Segment Start: Provided data

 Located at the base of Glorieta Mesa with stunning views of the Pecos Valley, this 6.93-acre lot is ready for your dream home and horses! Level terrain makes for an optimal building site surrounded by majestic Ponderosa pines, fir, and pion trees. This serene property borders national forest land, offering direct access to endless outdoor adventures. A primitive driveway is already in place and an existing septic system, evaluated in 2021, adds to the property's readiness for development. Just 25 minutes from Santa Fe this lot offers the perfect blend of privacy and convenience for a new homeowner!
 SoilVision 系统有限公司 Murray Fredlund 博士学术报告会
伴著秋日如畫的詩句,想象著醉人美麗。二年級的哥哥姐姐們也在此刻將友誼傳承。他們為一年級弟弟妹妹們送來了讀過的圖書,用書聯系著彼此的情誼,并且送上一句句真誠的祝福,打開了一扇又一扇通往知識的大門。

Segment End: Provided data
Segment Start: Provided data

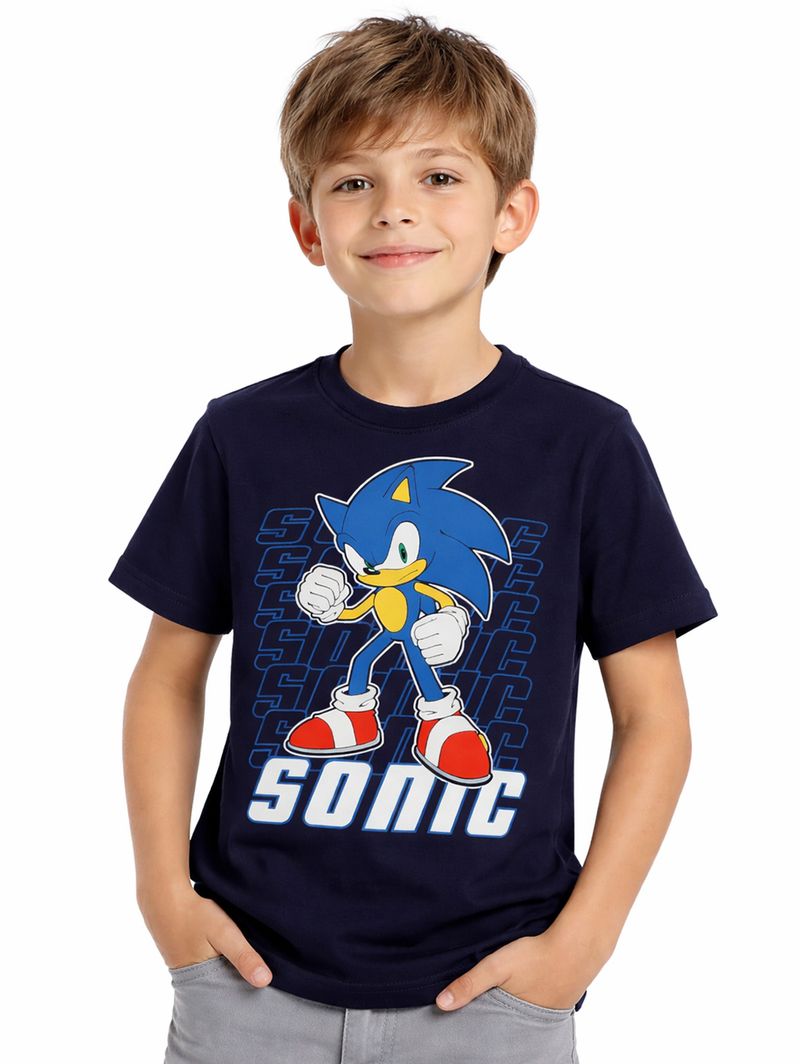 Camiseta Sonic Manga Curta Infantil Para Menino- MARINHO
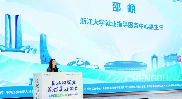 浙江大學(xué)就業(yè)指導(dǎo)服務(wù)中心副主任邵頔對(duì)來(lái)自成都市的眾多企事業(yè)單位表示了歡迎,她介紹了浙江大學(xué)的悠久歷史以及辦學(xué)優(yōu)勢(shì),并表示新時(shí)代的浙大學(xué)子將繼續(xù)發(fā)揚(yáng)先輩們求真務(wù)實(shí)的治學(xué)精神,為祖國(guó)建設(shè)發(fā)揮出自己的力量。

Segment End: Provided data
Segment Start: Provided data

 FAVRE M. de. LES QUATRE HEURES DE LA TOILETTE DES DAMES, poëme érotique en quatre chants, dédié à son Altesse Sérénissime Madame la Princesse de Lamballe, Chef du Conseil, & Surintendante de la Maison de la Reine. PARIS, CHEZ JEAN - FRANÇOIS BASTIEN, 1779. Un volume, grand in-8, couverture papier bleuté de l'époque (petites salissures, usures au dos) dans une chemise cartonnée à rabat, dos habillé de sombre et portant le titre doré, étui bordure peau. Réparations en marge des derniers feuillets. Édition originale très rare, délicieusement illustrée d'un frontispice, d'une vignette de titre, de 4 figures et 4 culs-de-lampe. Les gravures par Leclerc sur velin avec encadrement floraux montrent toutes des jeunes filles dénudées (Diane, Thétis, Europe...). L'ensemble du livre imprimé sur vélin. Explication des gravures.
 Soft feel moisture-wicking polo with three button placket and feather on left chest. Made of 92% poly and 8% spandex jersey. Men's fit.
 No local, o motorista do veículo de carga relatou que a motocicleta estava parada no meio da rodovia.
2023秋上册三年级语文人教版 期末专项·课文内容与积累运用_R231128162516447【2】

Segment End: Provided data

Tally the lines of the listing in which the string "with" appears, and state the tally alone.

* [Answer for the task]: 2